An initial trendline is fit using linear regression; prices from power hours located above this initial fit are used for the upper trendline, while the ones below the fit are used for the lower one.
As with any trendline, traders can analyze the slope to determine the market's direction:
Positive slope: The market is trending up.
Negative slope: The market is trending down.
No slope: The market is trending sideways.
As we can see in the image, Nasdaq and Bitcoin are clearly in downtrends, gold is clearly in an uptrend, and the euro/U.S. dollar is in a sideways market over the last visible sessions.
As you can see, the trend lines may or may not be parallel to each other. The wider the area, the more volatile the data. The narrower the area, the less volatile the data. Let's look at an example.
In the image, the Dow30 and the euro/U.S. dollar have opposite behaviors. The volatility above the middle trendline is growing in the first case but shrinking in the second. In both cases, the volatility in the bottom area seems steady, so there are no big surprises there.
Traders can adjust the number of sessions for calculations, making the tool ideal for analyzing price behavior over different time frames.
As the image shows, we can clearly see how the market behaves over different time periods. XLY has been moving down over the last 10, 20, and 40 sessions, with a steeper decline over shorter periods. However, it has been moving sideways over the last 70 sessions.
One of the main uses of trendlines is to provide key support and resistance. In the image, SPY is shown with trendlines over the last 20 sessions. These lines provide excellent reference points for trading and observing price behavior in those areas, such as whether prices are accepted or rejected, which may trigger a response from other traders.
🔹 Not Allowed Timeframes
For obvious reasons, timeframes larger than 1H are not allowed. The Power Hour is defined as the last hour of the trading session.

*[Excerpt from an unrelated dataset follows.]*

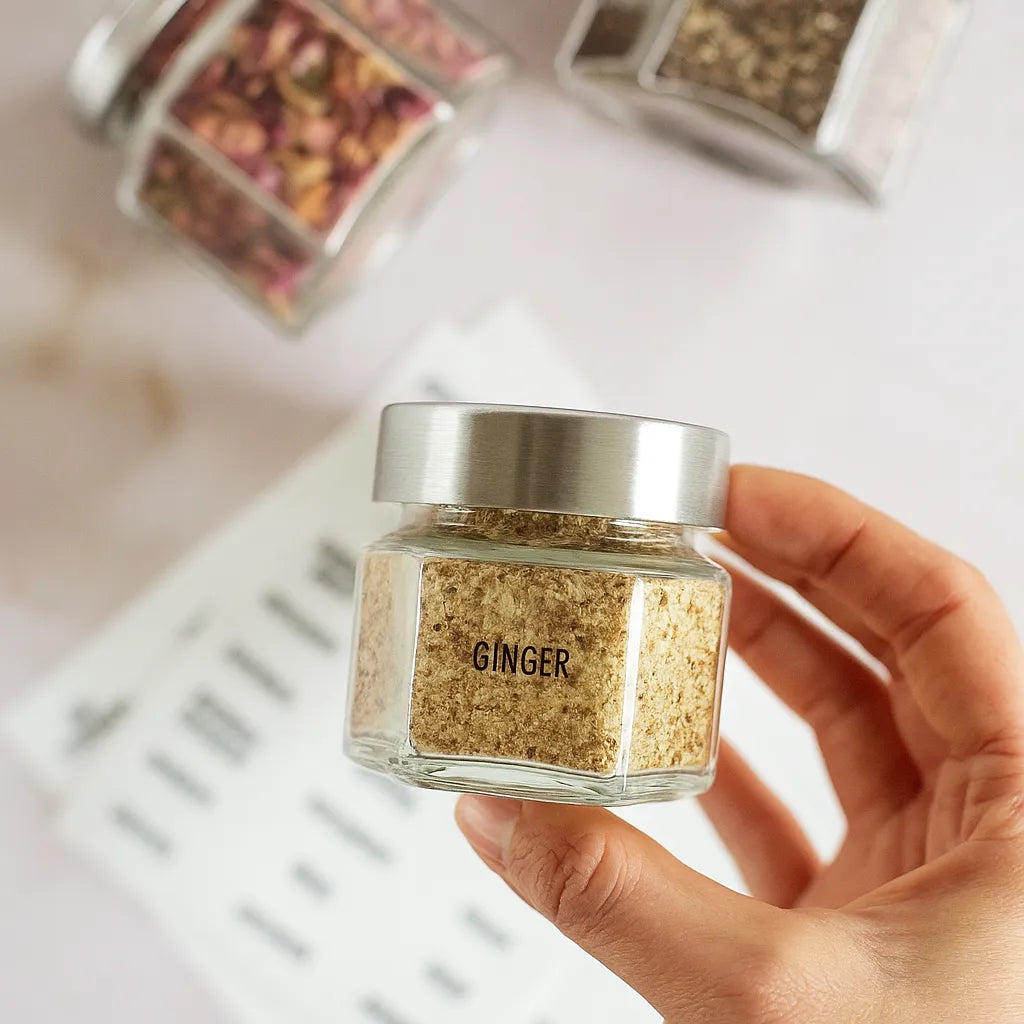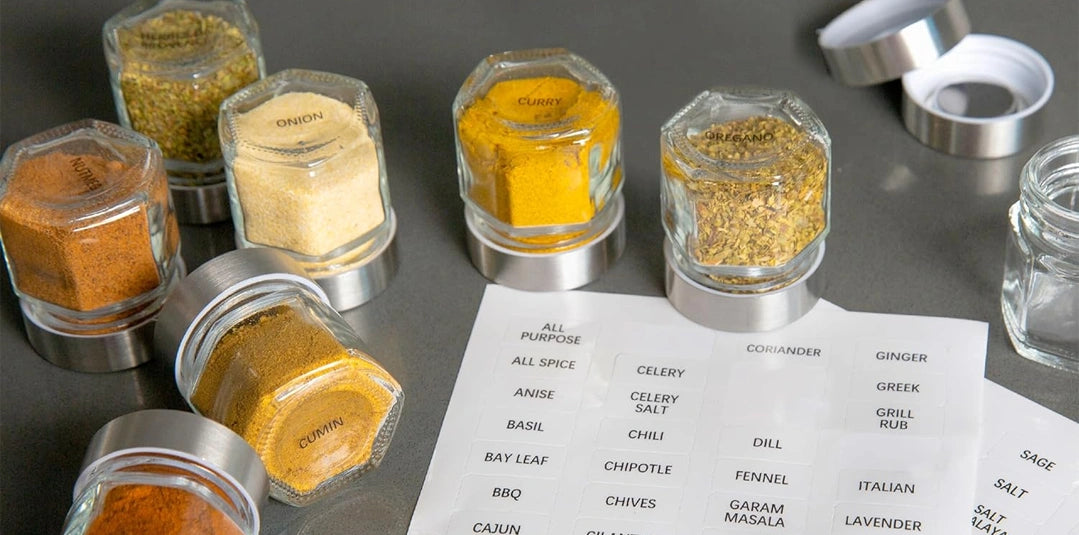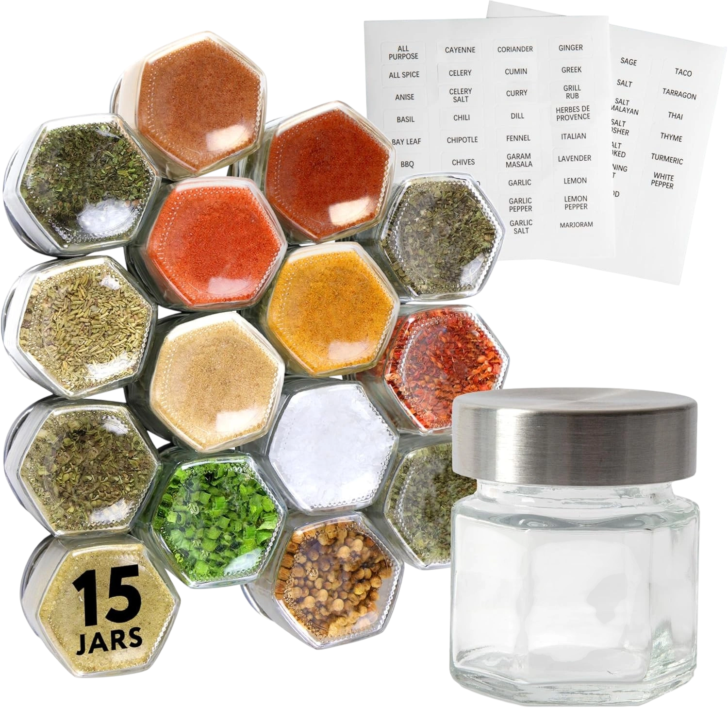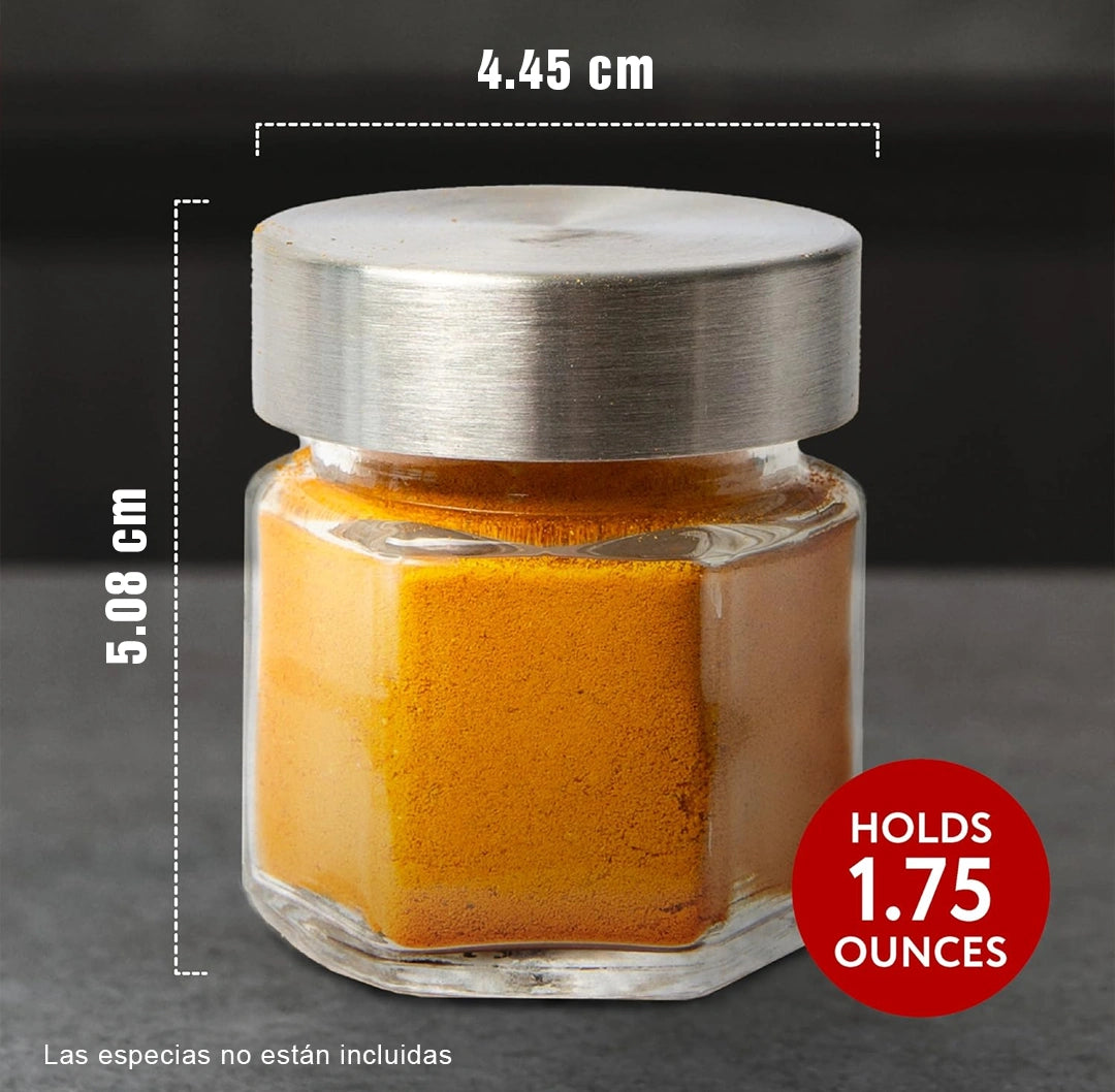 Cada tarro es transparente, resistente y viene con tapa metálica magnética. Trae 60 etiquetas preimpresas con los nombres de las especias más comunes, así que no hay forma de confundirse. Formá tu propio panal de sabor, y usalos también para tés, yerbas, semillas, incluso manualidades.

The tool will display a warning message if the timeframe is longer than 60 minutes.
🔶 SETTINGS
Power Hour (NY Time): Choose a custom Power Hour in New York time
Sessions Memory: Select how many Power Hours to take into account for calculations.
🔹 Style
Top: Enable or disable the top line and choose the line and background colors.
Middle: Enable or disable the middle line and choose the line color.
Bottom: Enable or disable the bottom line and choose the line and background colors.
Background: Enable or disable the background color for top and bottom lines.